Have a question? Connect with the community at the TensorFlow Forum Visit Forum

text.normalize_utf8_with_offsets_map

Normalizes each UTF-8 string in the input tensor using the specified rule.

Returns normalized strings and an offset map used by another operation to map post-normalized string offsets to pre-normalized string offsets.

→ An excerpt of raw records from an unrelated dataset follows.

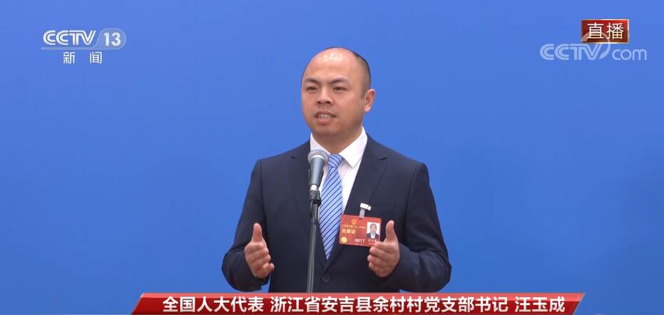 光明日报社记者:我是《光明日报》记者,我的问题提给汪玉成代表。习近平总书记在您的家乡浙江安吉考察时,提出了“绿水青山就是金山银山”的理念。作为一名来自基层的党支部书记,您是如何带领乡亲们践行这一理念,推动乡村振兴的?
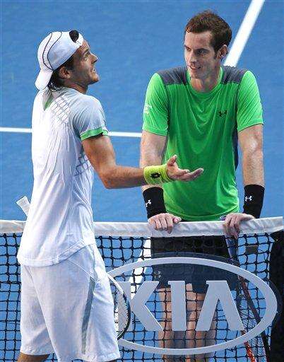 Andy Murray hasn't had a match on the center court at Melbourne yet this year, but it hasn't bothered the three-time finalist. He won in straights sets again, beating Joao Sousa 6-1, 6-1, 7-5 to set up a clash with No. 10 Grigor Dimitrov, who labored through a five-set win over 2006 Australian Open finalist Marcos Baghdatis.
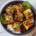 Top your crispy tofu with sliced green onions and a sprinkle of toasted sesame seeds to add fresh color, subtle crunch, and an extra layer of flavor. These garnishes not only look beautiful but also introduce a light sharpness and nuttiness that complement the deep umami taste.
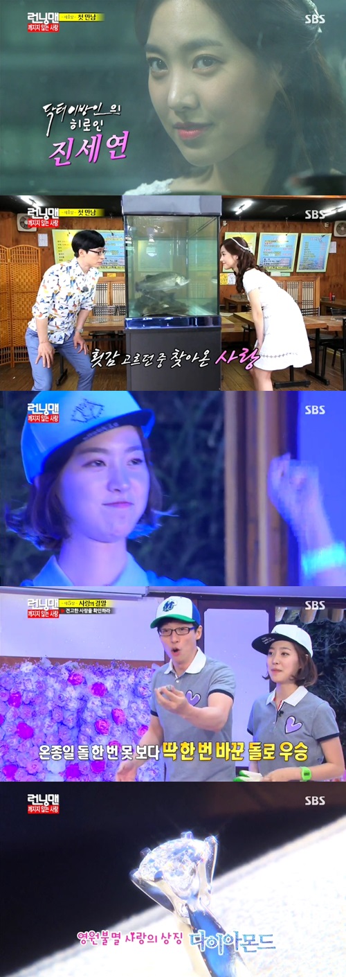 치열한 공방전 끝에 결국 런닝맨 진세연 유재석에게는 최종우승 상품으로 1캐럿짜리 다이아몬드가 주어졌다. 진세연은 기쁜 마음에 선물을 듣고 즐거워했다.
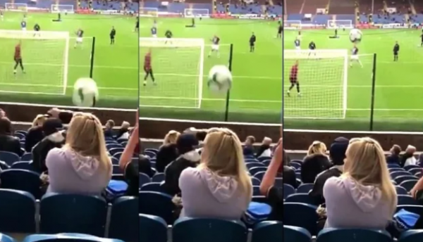 فيديو.. تسديدة تصيب رأس إحدى المشجعات
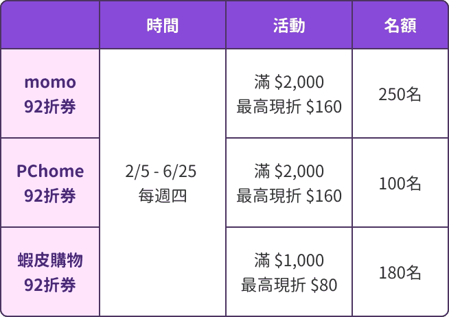 2026/2/1 - 6/25 每月 1 號開放領取當月券
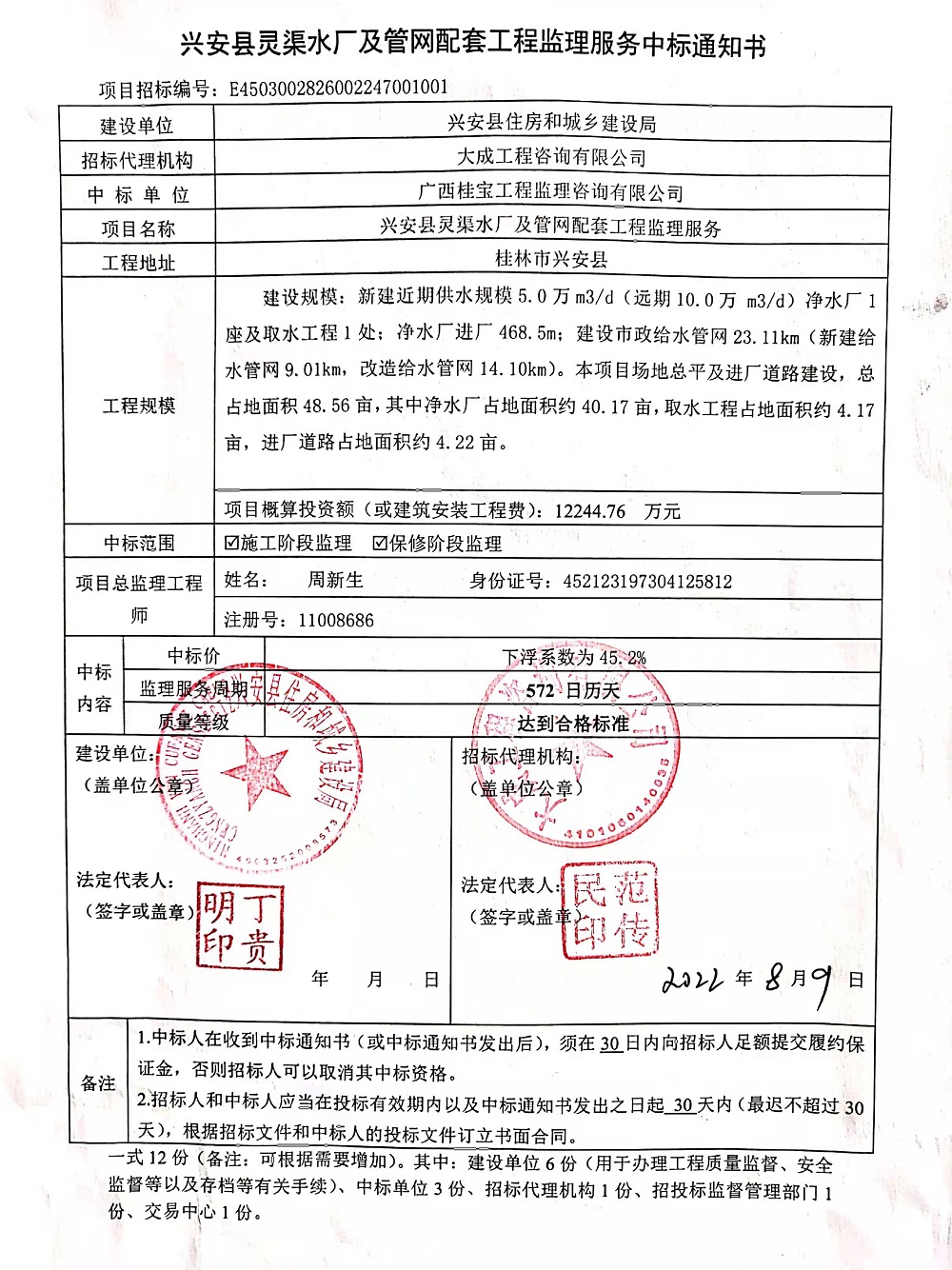 兴安县灵渠水厂及管网配套工程监理服务中标公告
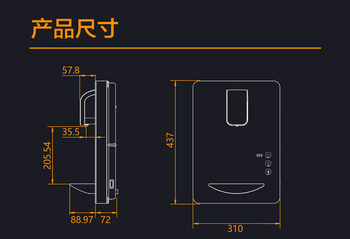 外形尺寸:310x437x(72+88.97)mm

See http://unicode.org/reports/tr15/

Examples:

# input: <string>[num_strings]
normalize_utf8_with_offsets_map(["株式会社", "KADOKAWA"])
# output: <string>[num_strings], <variant>[num_strings]
NormalizeUTF8WithOffsetsMap(output=<tf.Tensor: shape=(2,), dtype=string,
numpy=
array([b'\xe6\xa0\xaa\xe5\xbc\x8f\xe4\xbc\x9a\xe7\xa4\xbe', b'KADOKAWA'],
      dtype=object)>, offsets_map=<tf.Tensor: shape=(2,), dtype=variant,
      numpy=<unprintable>>)

input A Tensor or RaggedTensor of type string. (Must be UTF-8.) normalization_form: One of the following string values ('NFC', 'NFKC', 'NFD', 'NFKD'). Default is 'NFKC'. NOTE: NFD and NFKD for normalize_utf8_with_offsets_map will not be available until the tf.text release w/ ICU 69 (scheduled after 4/2021).
name The name for this op (optional).

A tuple of (results, offsets_map) where:
results A Tensor or RaggedTensor of type string, with normalized contents.
offsets_map A Tensor or RaggedTensor of type variant, used to map the post-normalized string offsets to pre-normalized string offsets. It has the same shape as the results tensor. offsets_map is an input to find_source_offsets op.